To change the order of rows, use arrange(). To return one or more specified rows, use slice().

experiment %>%
  group_by(smoker) %>%
  select(smoker, birthweight, length, head.circumference, weeks.gestation) %>%
  slice_max(order_by = birthweight, n = 5)

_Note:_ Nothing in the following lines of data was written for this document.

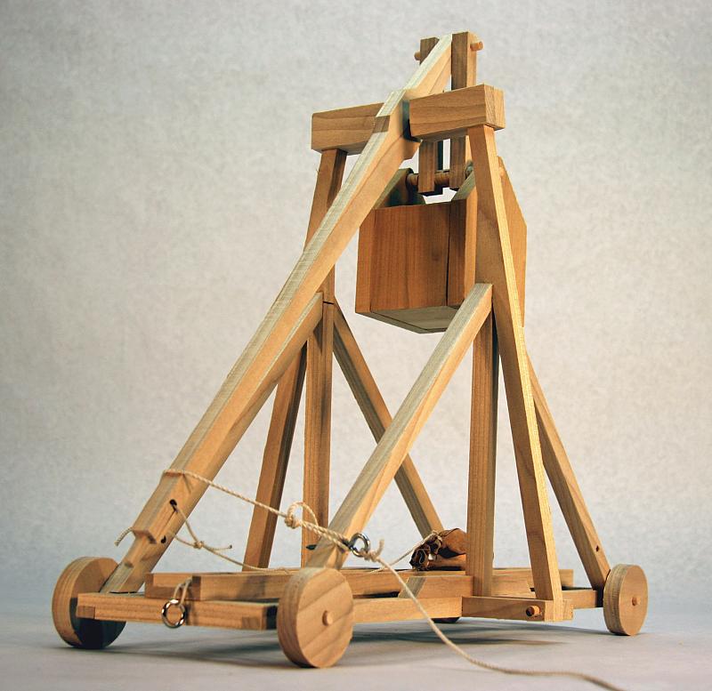 We had so much fun! I showed them some cuneiform tablets, some potsherds, Greek arrowheads, chain mail gauntlets (made by a student) and other wonders. We investigated different writing systems and learned a few words of Latin. Then we shot marbles across my office with a model trebuchet kind of like this:
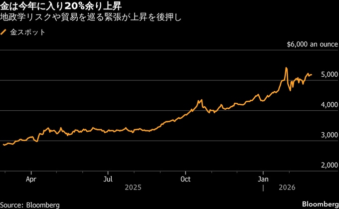 金は今年に入り20%余り上昇している。1月下旬の最高値から急落した後、再び1オンス=5000ドルを上回る水準を回復した。月間では7カ月続伸となる見通しで、実現すれば1973年以来の長期上昇局面となる。
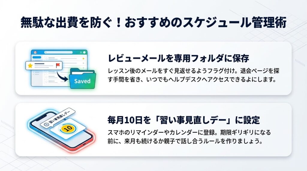 私自身も他の習い事で解約期限を忘れて悔しい思いをしたことがあるので、ここでは、期限を忘れずにスムーズに判断するためのスケジュール管理術をご紹介します。

Table 7.7: Tidyverse slice, ordered on birthweight.
smoker	birthweight	length	head.circumference	weeks.gestation
FALSE	4.55	56	34	44
FALSE	4.32	53	36	40
FALSE	4.10	58	39	41
FALSE	4.07	53	38	44
FALSE	3.94	54	37	42
TRUE	4.57	58	39	41
TRUE	3.87	50	33	45
TRUE	3.86	52	36	39
TRUE	3.64	53	38	40
TRUE	3.59	53	34	40

The pivot_longer() and pivot_wider() functions rearrange data, decreasing or increasing the number of columns. The use of this will become more evident during visualization.

experiment %>%
  filter(low.birthweight == TRUE) %>%
  select(smoker, `miR-16`, `miR-21`, `miR-146a`, `miR-182`) %>%
  pivot_longer(cols = c(`miR-16`, `miR-21`, `miR-146a`, `miR-182`),
               names_to = "gene",
               values_to = "expression")

Table 7.8: Tidyverse pivot_longer.
smoker	gene	expression
TRUE	miR-16	60
TRUE	miR-21	48
TRUE	miR-146a	89
TRUE	miR-182	65
TRUE	miR-16	70
TRUE	miR-21	51
TRUE	miR-146a	84
TRUE	miR-182	48
TRUE	miR-16	61
TRUE	miR-21	51
TRUE	miR-146a	97
TRUE	miR-182	59
TRUE	miR-16	47
TRUE	miR-21	40
TRUE	miR-146a	87
TRUE	miR-182	63
FALSE	miR-16	64
FALSE	miR-21	47
FALSE	miR-146a	104
FALSE	miR-182	42
TRUE	miR-16	61
TRUE	miR-21	47
TRUE	miR-146a	77
TRUE	miR-182	60

7.5 Exercise 4: converting between base R and Tidyverse

Reproduce the table 7.5 or table 7.6 using base R. Use Tidyverse functions to answer the question you addressed in exercise 3.